Ancestry Marks D-Day with Free Access to its Military Collection

Ancestry.com has more than 20 billion historical records, including 250 million global military records. (Image: Fold 3/Ancestry.com)
Ancestry.com has more than 20 billion historical records, including 250 million global military records. (Image: Fold 3/Ancestry.com)

The genealogy company Ancestry is marking the 75th anniversary of D-Day by opening up its online military records for free for three days, starting at 12 a.m. Eastern Time on June 6. The offer ends June 9.

The company has more than 20 billion historical records, including 332 million global military records such as muster rolls, enlistment registrations, draft cards, prisoner and casualty lists, and even some court-martial results.

Company officials say they hope the offer will spur interest in World War II history and family connections to D-Day and other monumental events.

"We want to encourage people to take time to talk to their families and glean these stories from the generations that have this information," said Lisa Elzey, a genealogist and senior family historian at Ancestry. "These are the stories that get lost ... [we'd like to see them] captured and saved for future generations."

Using the site, Elzey discovered that one of her two grandfathers actually took part in D-Day, as a ball turret gunner on a B-17 Flying Fortress bomber.

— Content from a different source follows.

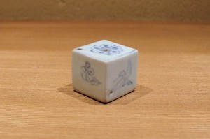 このような小さい水滴は、多分上流階級のご婦人の化粧の水滴だったと思われます。この作品は李朝中期の広州官窯の物で、俗に言う金砂里窯のものです。上面には李王家の紋章とされる梨の花が描かれ、側面は雲鶴文です。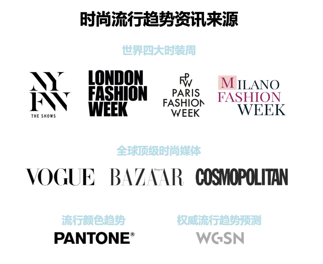 卖家们平时还可以多多关注世界四大时装周、全球顶级时尚媒体和其他趋势预测资源,来让自己的产品更契合未来趋势。将这些流行元素融入到自己的产品设计中,同时结合自己的品牌定位和目标消费群体定位,不断试款和迭代,相信一定会事半功倍[3]。

While Ancestry did not contain that level of detail, she knew enough about her grandfather to find his military serial number on the site and then used it to request his service records from the National Archives.

She learned that his aircraft made bombing runs over Sword Beach, the easternmost landing area of the June 6, 1944, amphibious assault.

"To find that out was incredible, to find out he was part of one of the most important days of military history, of world history," Elzey said. "All because I was able to get started on Ancestry to get the information that really led me to my next step."

Once the site is live, users can browse the records, but they will be prompted to register with Ancestry and provide an email address before they can view documents. They will not be required to furnish a credit card or sign up for a free trial, an Ancestry spokeswoman said.

"Anyone can visit Ancestry to begin exploring," Jas Jimenez said.

Elzey said the site includes photo files, historic documents and registers that can be downloaded or printed. Other curated items include military yearbooks, military newspapers and counter-propaganda films.

The company did a similar promotion for the 75th anniversary of the attack on Pearl Harbor.

Elzey said Ancestry adds 2 million records each day to the website, so she encourages those who visited before and may have been disappointed in their search to try again.

"My story, though a wonderful story, isn't unique. These types of discoveries are happening all the time. There are people on our site willing to help, and there are billions of records," she said.